GOAL OF THE EXERCISE - Starting with the line that has "Pfingstveilchen. Diese Sorte" in the records below and stopping after the line that has "Örömmel állítottuk össze", output every line exactly and nothing else; skip pictures.

RECORDED DATA -

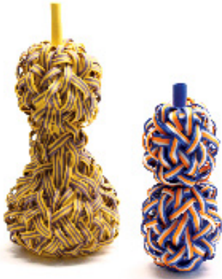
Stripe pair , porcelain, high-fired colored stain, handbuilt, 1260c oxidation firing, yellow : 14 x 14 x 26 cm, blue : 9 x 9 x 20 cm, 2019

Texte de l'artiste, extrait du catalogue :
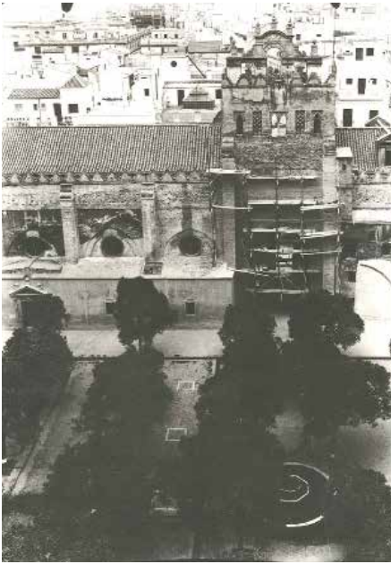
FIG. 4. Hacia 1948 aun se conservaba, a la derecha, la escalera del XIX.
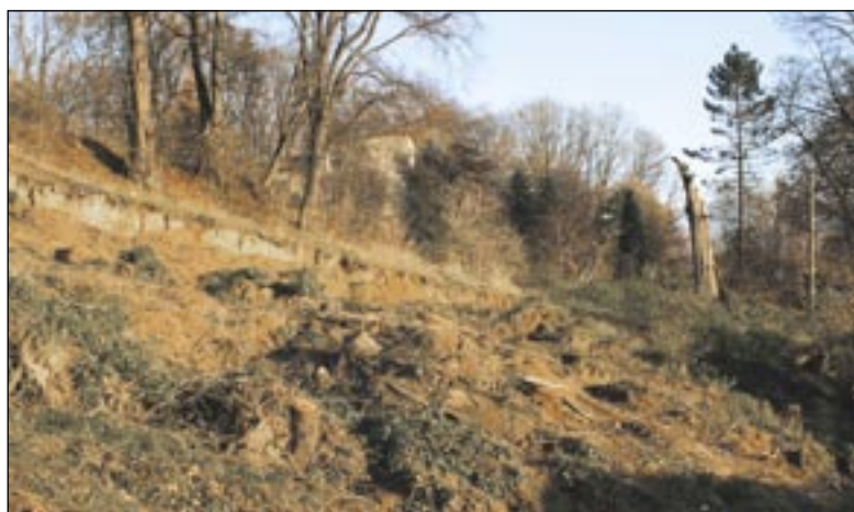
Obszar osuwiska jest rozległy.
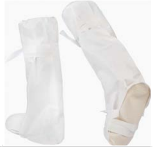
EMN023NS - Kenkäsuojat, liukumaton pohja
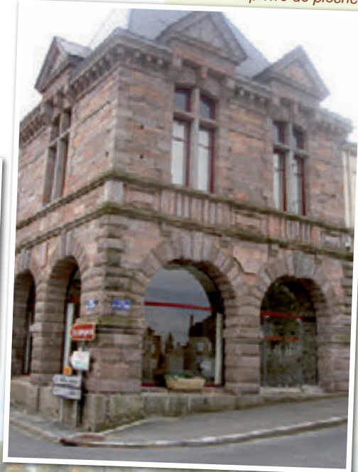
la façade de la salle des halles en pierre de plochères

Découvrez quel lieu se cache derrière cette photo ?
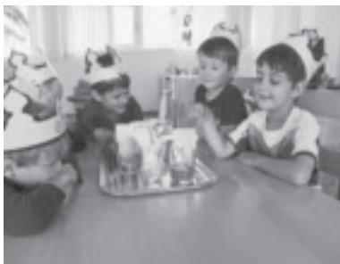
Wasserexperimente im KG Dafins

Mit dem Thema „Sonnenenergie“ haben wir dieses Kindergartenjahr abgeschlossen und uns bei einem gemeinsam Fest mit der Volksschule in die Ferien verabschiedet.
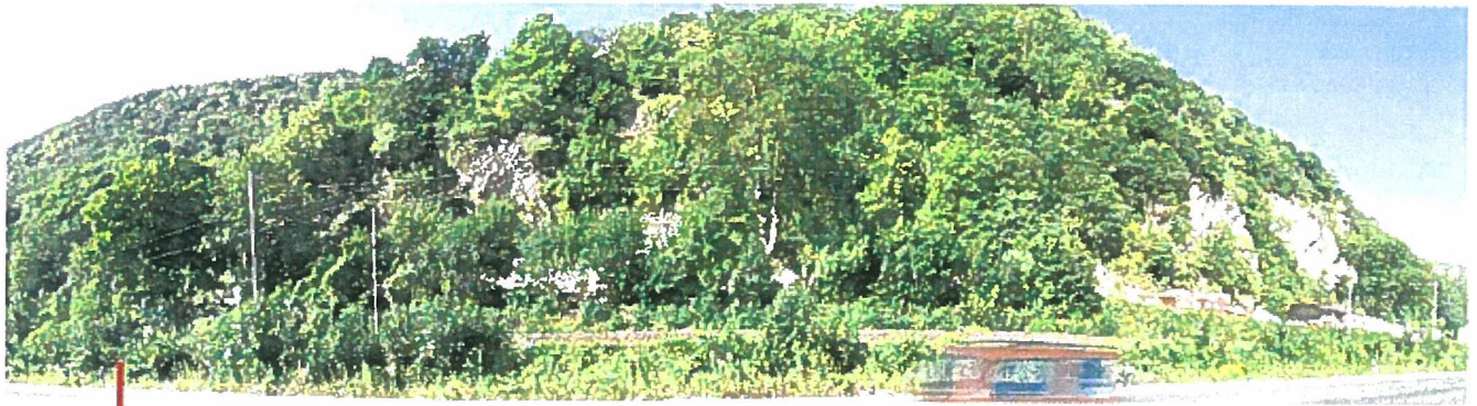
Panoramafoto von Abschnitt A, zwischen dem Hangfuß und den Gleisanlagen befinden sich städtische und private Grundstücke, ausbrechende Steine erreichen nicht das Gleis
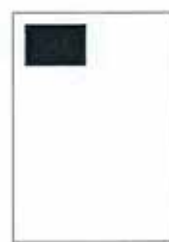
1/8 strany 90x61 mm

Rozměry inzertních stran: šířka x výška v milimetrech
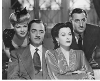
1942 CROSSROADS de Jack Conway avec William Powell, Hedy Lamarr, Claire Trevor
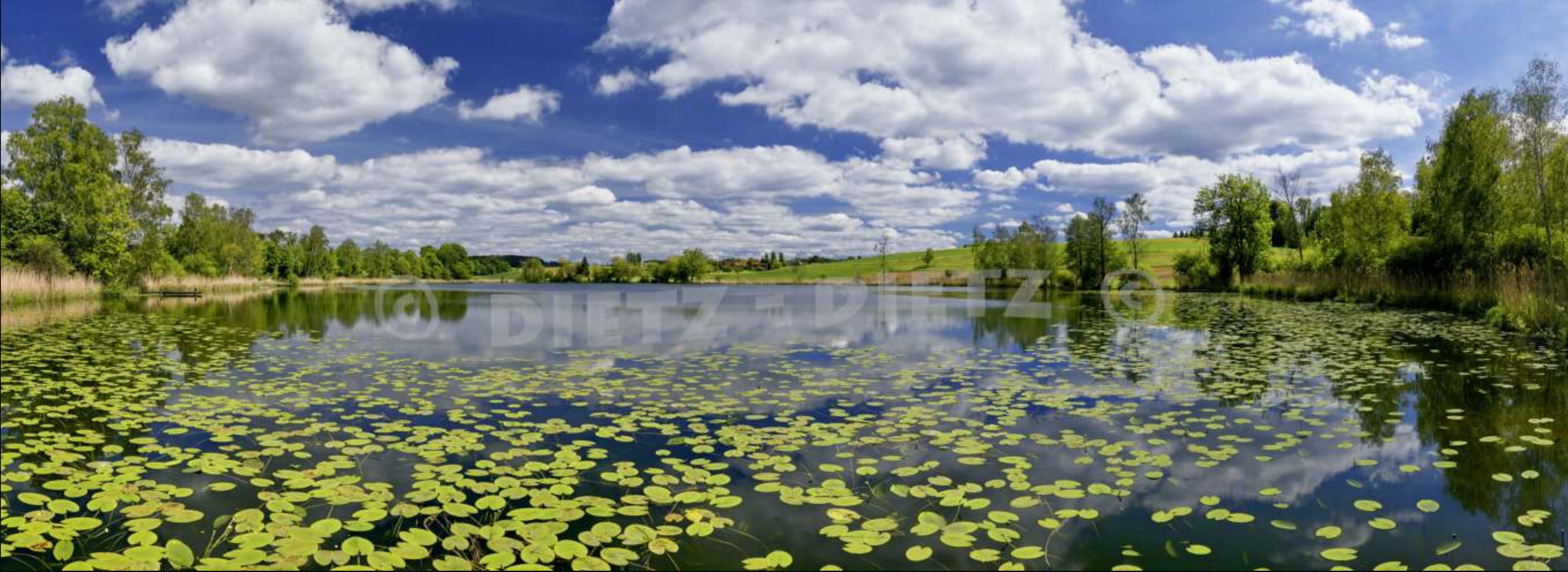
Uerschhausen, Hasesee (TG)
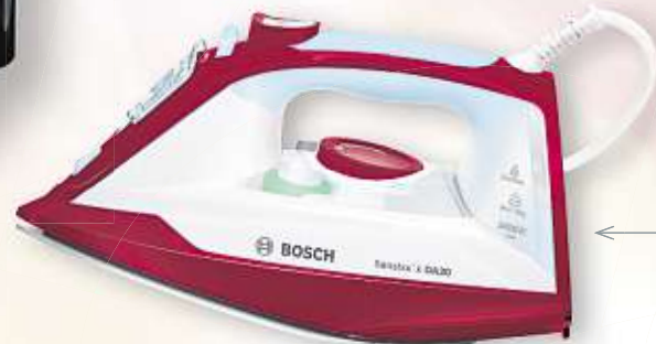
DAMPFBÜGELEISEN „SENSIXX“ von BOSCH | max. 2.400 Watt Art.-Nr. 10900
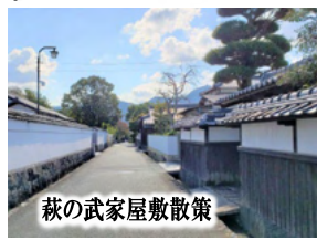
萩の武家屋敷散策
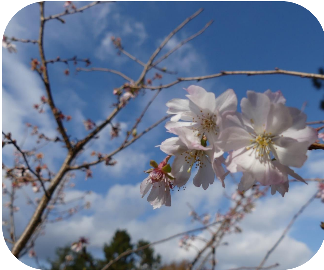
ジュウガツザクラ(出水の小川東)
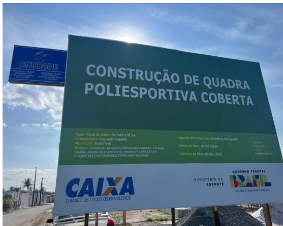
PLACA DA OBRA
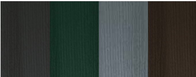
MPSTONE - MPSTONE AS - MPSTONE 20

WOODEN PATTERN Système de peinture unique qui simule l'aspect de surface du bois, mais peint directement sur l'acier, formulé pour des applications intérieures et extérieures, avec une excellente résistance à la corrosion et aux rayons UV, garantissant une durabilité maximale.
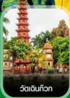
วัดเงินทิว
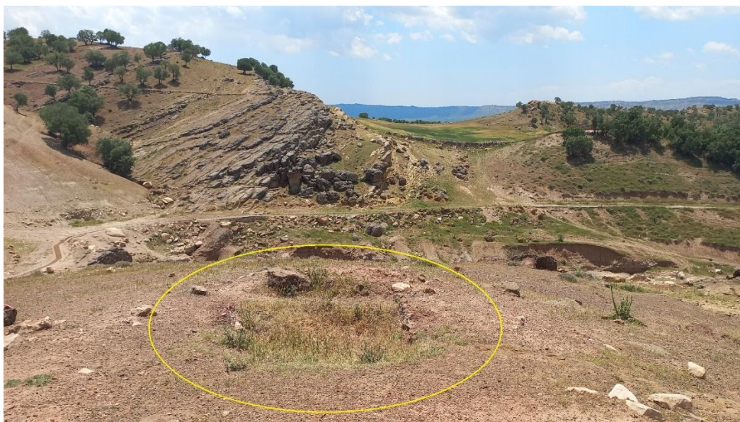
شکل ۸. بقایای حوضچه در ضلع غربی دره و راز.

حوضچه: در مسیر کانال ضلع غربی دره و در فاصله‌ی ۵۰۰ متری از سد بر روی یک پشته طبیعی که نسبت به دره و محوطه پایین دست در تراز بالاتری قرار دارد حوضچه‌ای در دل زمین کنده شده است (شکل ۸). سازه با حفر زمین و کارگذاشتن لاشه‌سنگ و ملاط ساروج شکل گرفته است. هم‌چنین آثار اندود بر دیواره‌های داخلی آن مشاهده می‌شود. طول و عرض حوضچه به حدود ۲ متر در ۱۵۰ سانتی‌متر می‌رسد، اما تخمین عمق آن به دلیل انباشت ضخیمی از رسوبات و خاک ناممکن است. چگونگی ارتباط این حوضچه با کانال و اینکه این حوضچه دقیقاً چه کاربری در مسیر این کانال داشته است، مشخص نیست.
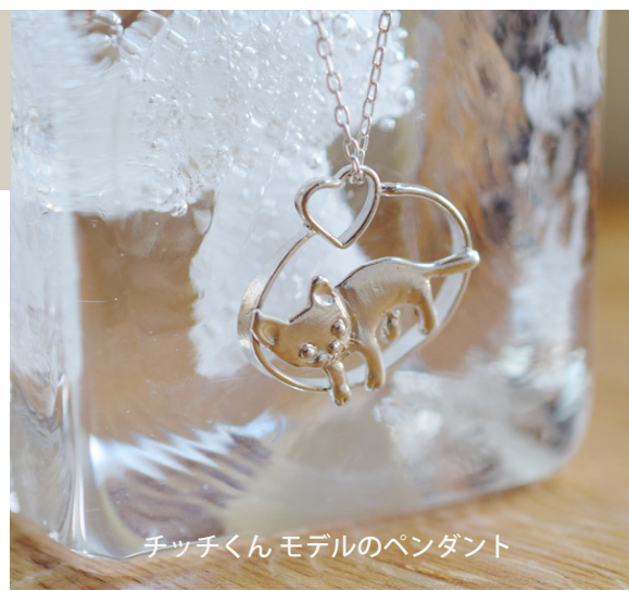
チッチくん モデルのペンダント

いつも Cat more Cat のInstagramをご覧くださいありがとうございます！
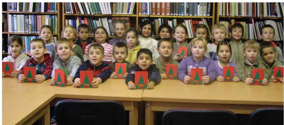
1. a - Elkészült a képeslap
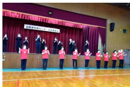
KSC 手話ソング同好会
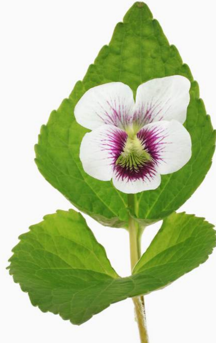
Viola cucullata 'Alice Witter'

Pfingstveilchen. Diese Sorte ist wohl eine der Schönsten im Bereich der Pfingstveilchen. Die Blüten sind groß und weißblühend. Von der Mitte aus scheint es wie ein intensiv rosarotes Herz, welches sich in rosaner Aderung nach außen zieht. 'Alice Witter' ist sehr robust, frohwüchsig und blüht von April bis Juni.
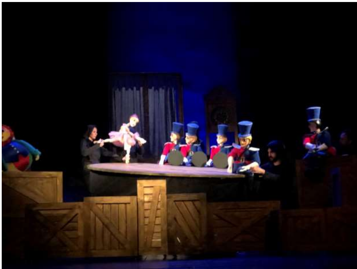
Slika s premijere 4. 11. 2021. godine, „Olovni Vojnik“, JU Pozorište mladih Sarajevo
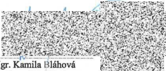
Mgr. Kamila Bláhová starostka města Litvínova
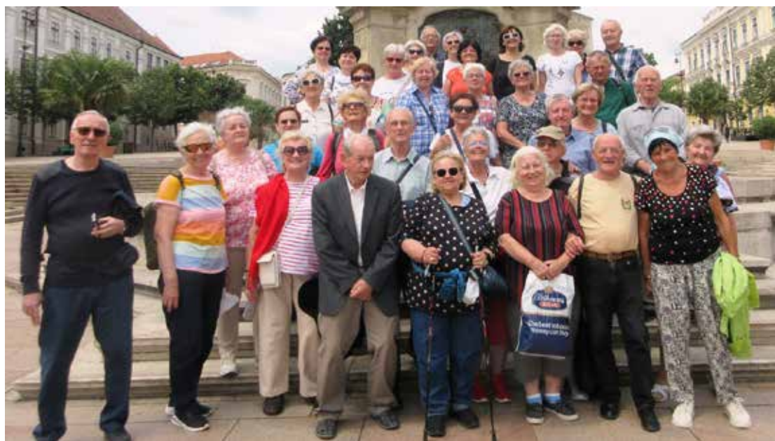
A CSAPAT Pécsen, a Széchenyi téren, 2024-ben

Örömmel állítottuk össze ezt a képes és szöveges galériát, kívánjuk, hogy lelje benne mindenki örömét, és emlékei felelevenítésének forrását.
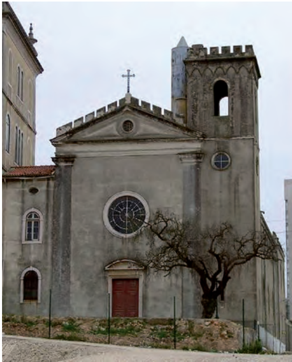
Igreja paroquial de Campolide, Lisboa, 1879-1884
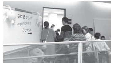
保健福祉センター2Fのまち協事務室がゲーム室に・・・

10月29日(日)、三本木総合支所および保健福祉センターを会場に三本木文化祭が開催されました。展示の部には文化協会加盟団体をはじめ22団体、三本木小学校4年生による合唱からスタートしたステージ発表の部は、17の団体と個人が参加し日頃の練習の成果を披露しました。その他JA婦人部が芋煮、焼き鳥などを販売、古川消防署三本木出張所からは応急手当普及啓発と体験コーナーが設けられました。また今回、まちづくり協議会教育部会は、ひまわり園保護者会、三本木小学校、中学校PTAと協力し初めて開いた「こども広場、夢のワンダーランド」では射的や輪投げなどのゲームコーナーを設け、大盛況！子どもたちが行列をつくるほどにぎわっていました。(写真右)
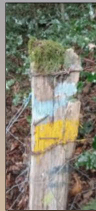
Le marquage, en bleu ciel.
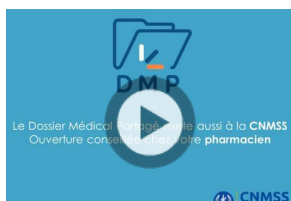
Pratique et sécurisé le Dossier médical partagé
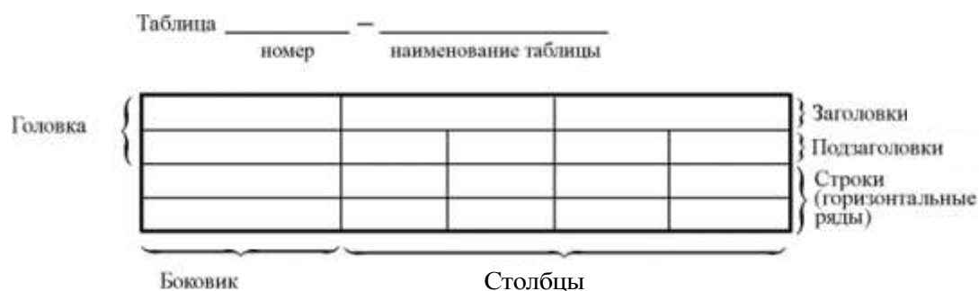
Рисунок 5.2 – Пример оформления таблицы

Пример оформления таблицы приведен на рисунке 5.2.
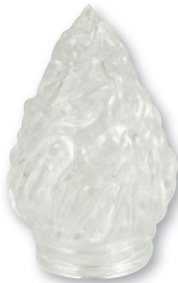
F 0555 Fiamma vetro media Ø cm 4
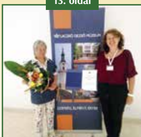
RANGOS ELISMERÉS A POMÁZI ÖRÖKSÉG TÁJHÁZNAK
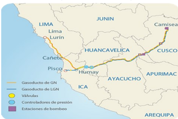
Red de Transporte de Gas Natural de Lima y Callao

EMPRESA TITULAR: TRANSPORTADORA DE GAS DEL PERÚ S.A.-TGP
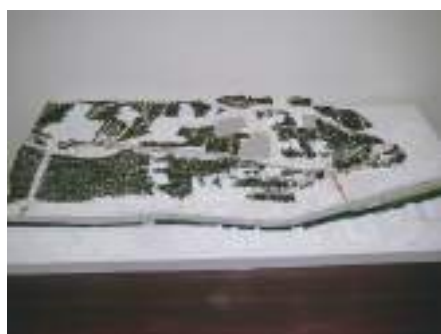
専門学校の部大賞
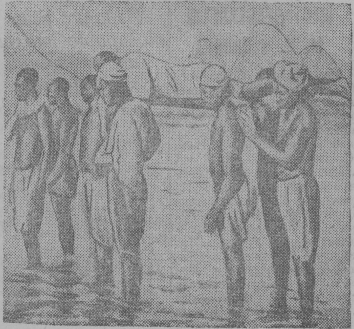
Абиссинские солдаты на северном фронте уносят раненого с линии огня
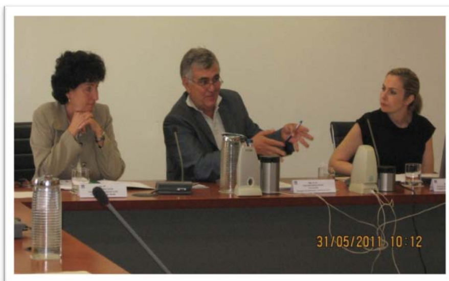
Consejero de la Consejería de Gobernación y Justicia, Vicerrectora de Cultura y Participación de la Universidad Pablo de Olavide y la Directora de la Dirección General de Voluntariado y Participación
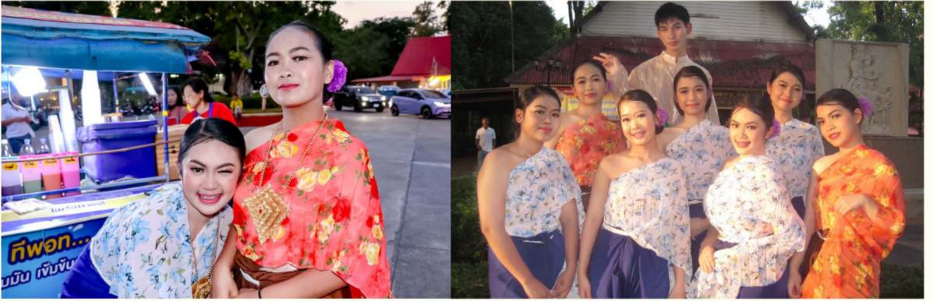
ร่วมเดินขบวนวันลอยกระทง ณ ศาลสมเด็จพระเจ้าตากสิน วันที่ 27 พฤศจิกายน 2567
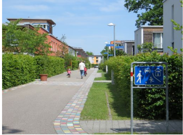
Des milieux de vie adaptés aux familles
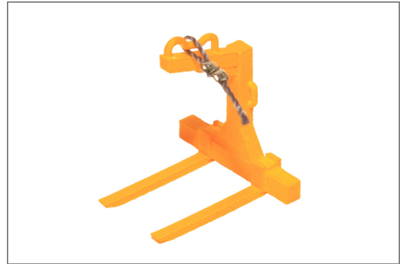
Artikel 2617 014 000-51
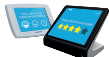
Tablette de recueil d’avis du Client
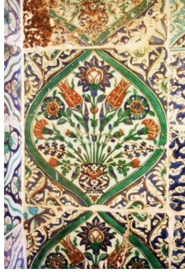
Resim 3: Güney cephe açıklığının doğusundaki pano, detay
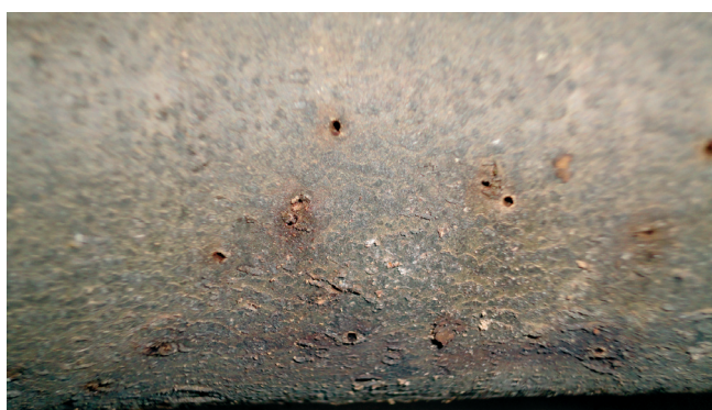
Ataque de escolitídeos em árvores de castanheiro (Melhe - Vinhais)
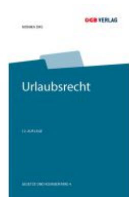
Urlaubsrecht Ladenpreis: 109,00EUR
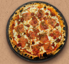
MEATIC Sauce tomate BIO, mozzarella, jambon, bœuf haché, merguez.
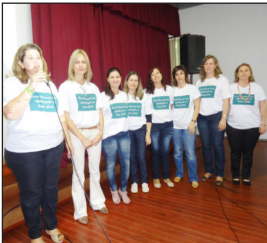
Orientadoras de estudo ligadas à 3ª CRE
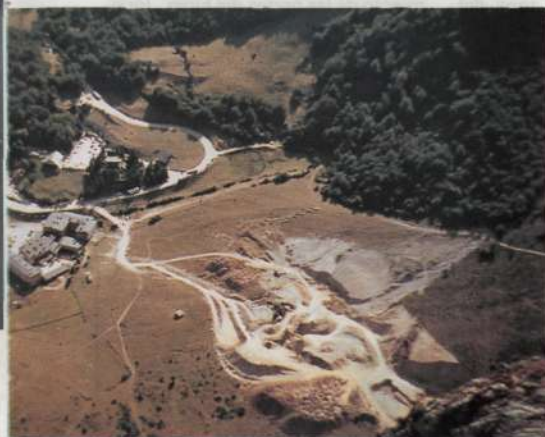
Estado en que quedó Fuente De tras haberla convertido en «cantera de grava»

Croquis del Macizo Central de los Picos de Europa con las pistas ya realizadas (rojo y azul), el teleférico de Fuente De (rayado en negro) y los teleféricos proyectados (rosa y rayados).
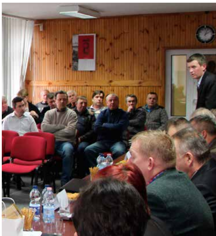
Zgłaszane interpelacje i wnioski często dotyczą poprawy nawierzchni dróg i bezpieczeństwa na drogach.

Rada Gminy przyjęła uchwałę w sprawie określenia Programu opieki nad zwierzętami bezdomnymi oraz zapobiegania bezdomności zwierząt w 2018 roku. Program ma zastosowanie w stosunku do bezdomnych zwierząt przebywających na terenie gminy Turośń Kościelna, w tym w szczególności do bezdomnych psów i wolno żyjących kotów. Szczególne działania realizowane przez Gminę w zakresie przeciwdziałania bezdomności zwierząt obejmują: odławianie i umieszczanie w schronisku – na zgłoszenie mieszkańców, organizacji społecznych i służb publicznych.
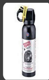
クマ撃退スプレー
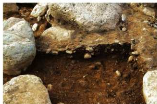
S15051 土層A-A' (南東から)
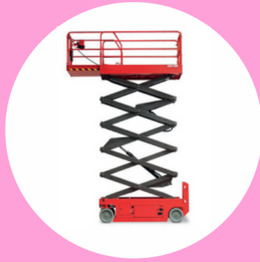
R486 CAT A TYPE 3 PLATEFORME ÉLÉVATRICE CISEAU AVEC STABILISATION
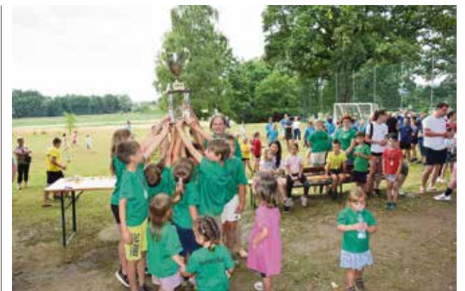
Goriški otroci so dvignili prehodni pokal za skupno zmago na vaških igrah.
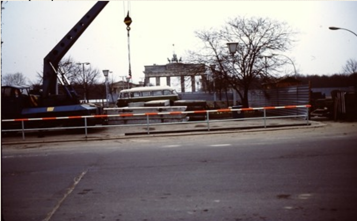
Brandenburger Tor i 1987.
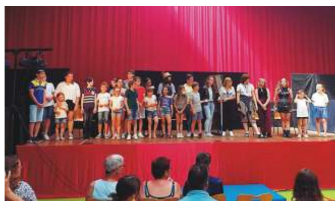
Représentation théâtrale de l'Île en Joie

TASK OUTPUT -
Pfingstveilchen. Diese Sorte ist wohl eine der Schönsten im Bereich der Pfingstveilchen. Die Blüten sind groß und weißblühend. Von der Mitte aus scheint es wie ein intensiv rosarotes Herz, welches sich in rosaner Aderung nach außen zieht. 'Alice Witter' ist sehr robust, frohwüchsig und blüht von April bis Juni.
Slika s premijere 4. 11. 2021. godine, „Olovni Vojnik“, JU Pozorište mladih Sarajevo
Mgr. Kamila Bláhová starostka města Litvínova
A CSAPAT Pécsen, a Széchenyi téren, 2024-ben

Örömmel állítottuk össze ezt a képes és szöveges galériát, kívánjuk, hogy lelje benne mindenki örömét, és emlékei felelevenítésének forrását.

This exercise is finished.